Björck[2, (pp. 165—171)] presents an excellent survey of solution approaches for the weighted least squares problem. Direct solution of the normal equations (as illustrated in our simple R implementation of the IRLS algorithm above) is potentially numerically unstable and not generally advised. The brief survey in Björck is really fascinating reading. His cited references show us that even standard Householder QR decomposition can give poor accuracy for stiff problems unless it's modified to include column and row pivoting. It turns out that the perhaps the simplest numerically stable implementation for solving the linear system within the IRLS method is the Givens QR algorithm, shown by Anda and Park[1].
In practice, with judicious monitoring of the entries of $W$ (in particular the stiffness $\max_j(W_{j,j})/\min_j(W_{j,j})$) and the quantities $g'(\eta)$ and $\mathrm{var}(g(\eta))$, we can choose among the most stable and convenient solution methods and simply warn the user when the algorithm gets into trouble numerically. R achieves this in its own glm.fit implementation by using a Householder QR decomposition of $WA$ with column pivoting, modified to reveal the rank of the matrix at each step. See Edge cases section below for a discussion of this topic.
When the link function is the identity function and the error distribution function of $e$ is Gaussian with mean zero and variance one, then the IRLS algorithm becomes:
We already sketched a simple implementation of the IRLS algorithm above (see IRLS). Recall that that method can suffer from potential numerical instability. We consider variations of that method in this section that focus on numerical stability and performance.
Perhaps the most important performance considerations for a good GLM/IRLS implementation are:
This method was defined by O'Leary[9]. The idea is to compute a QR factorization of the model matrix $A$ once, possibly by a rank-revealing QR method to identify problematic model matrices at the start. The factorization is then used in the IRLS iteration.

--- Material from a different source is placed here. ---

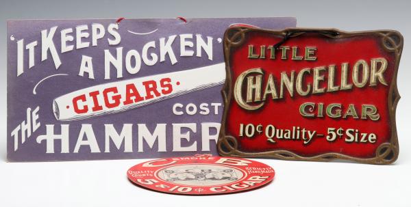 THREE 5 CENT ROOT BEER BARREL SIGNS CIRCA MID 20TH CENT

irls_qrnewton = function(A, b, family=binomial, maxit=25, tol=1e-08) { s = t = 0 QR = qr(A) Q = qr.Q(QR) R = qr.R(QR) for(j in 1:maxit) { g = family()$linkinv(t) gprime = family()$mu.eta(t) z = t + (b - g) / gprime W = as.vector(gprime^2 / family()$variance(g)) wmin = min(W) if(wmin < sqrt(.Machine$double.eps)) warning("Tiny weights encountered") s_old = s C = chol(crossprod(Q, W*Q)) s = forwardsolve(t(C), crossprod(Q,W*z)) s = backsolve(C,s) t = Q %*% s if(sqrt(crossprod(s - s_old)) < tol) break } x = backsolve(R, crossprod(Q,t)) list(coefficients=x,iterations=j) }
This is a pretty cool IRLS implementation. It only uses the orthonormal $Q$ matrix and the current set of weights in each step. That results in potentially much better numerical stability than our earlier simple implementation IRLS. Positive-definiteness for the Cholesky factorization is easily checked in each iteration by examining the diagonal entries of the weight matrix.
The computations rely on the QR and Cholesky factorizations and matrix multiplication, all available to R from high-performance tuned BLAS and LAPACK libraries like the Intel MKL, AMD ACML, OpenBlas (Goto), or ATLAS. That means that if you have one of those BLAS libraries installed and linked to R, then this method will take advantage of available CPU vectorized instrucions and multithreading and run fast.

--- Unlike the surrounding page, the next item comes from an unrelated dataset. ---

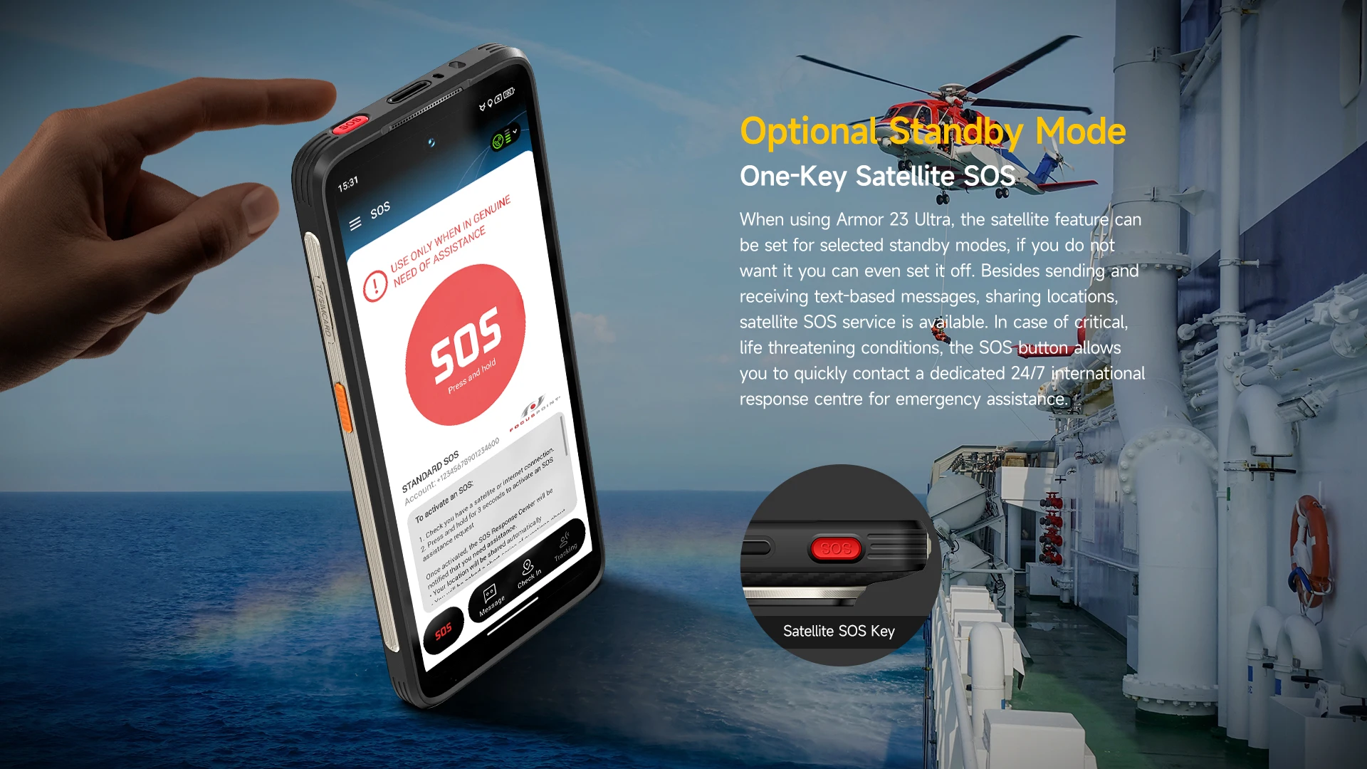 When using Armor 23 Ultra, the satellite feature can be set for selected standby modes, if you do not want it you can even set it off. Besides sending and receiving text-based messages, sharing locations, satellite SOS service is available. In case of critical, life threatening conditions, the SOS button allows you to quickly contact a dedicated 24/7 international response centre for emergency assistance.

R's native IRLS method embedded in its glm.fit function computes a QR decomposition of the weighted matrix $WA$ in each iteration step. O'Leary's QR Newton method shown above instead only computes one QR factorization of $A$ at the start. It then monitors possible numerical problems by checking the size of the smallest diagonal element of the weight matrix in each step.

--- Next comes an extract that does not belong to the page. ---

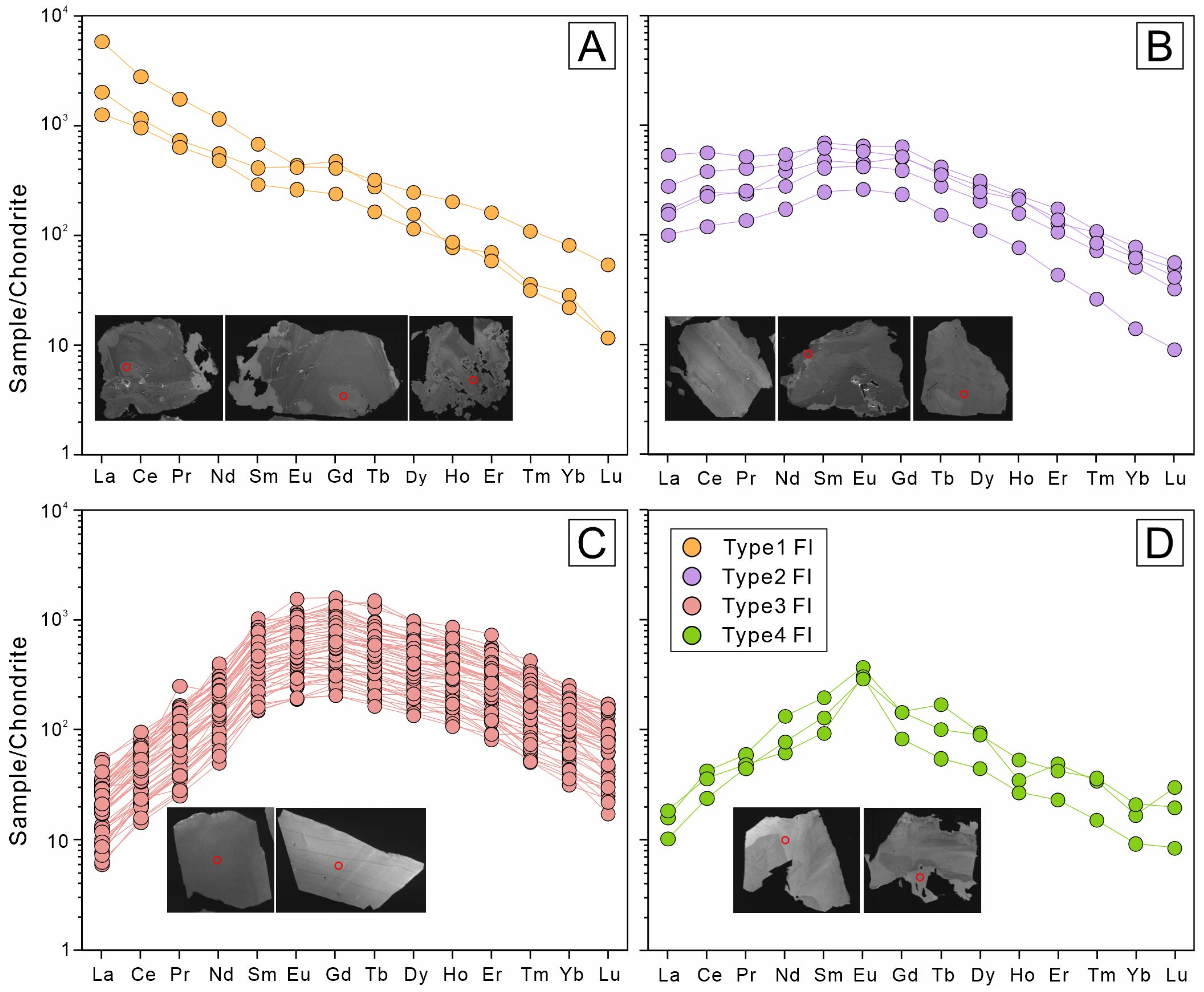 Figure 6. Chondrite-normalized REE patterns of fluorites from different generations. (A) Type 1 fluorite show strongly LREE enrichment REE. (B) Type 2 fluorite shows a relatively flat REE pattern. (C) Type 3 fluorite is marked by a left-sloping pattern with MREE enrichment. (D) Type 4 fluorite exhibits an overall flat REE distribution.

Let's at least verify the plausibility of this method by repeating an earlier example from Doug Bates[3]:
data("Contraception",package="mlmRev") # Model estimated with R's glm function, returning model matrix and response # in $x and $y, respectively: R_GLM = glm(formula = use ~ age + I(age^2) + urban + livch, family = binomial, x=TRUE, data=Contraception) # Model estimated by IRLS/QR Newton: iqrn = irls_qrnewton(R_GLM$x, R_GLM$y, family=binomial) print(data.frame(R_GLM=coef(R_GLM), qr_newton=coef(iqrn))) R_GLM qr_newton (Intercept) -0.949952124 -0.949952124 age 0.004583726 0.004583726 I(age^2) -0.004286455 -0.004286455 urbanY 0.768097459 0.768097459 livch1 0.783112821 0.783112821 livch2 0.854904050 0.854904050 livch3+ 0.806025052 0.806025052No surprises here for this modest-sized and well conditioned data set. The IRLS/QR Newton method produces coefficients that match those of R's native GLM method to displayed accuracy.
If you're really concerned about rank deficiency of the model matrix and you don't have a rank-revealing QR method available and you're willing to pay a few extra flops on the initial matrix decomposition, then the IRLS QR Newton variation can be easily adapted to an SVD-based method that definitively determines the rank of the model matrix.
Similarly to the QR Newton method listed above, the SVD-based method only uses the orthonormal $U$ matrix and the current weighting matrix in each iteration. A side-benefit of the SVD is that the final solution for model coefficients no longer requires a backsolve.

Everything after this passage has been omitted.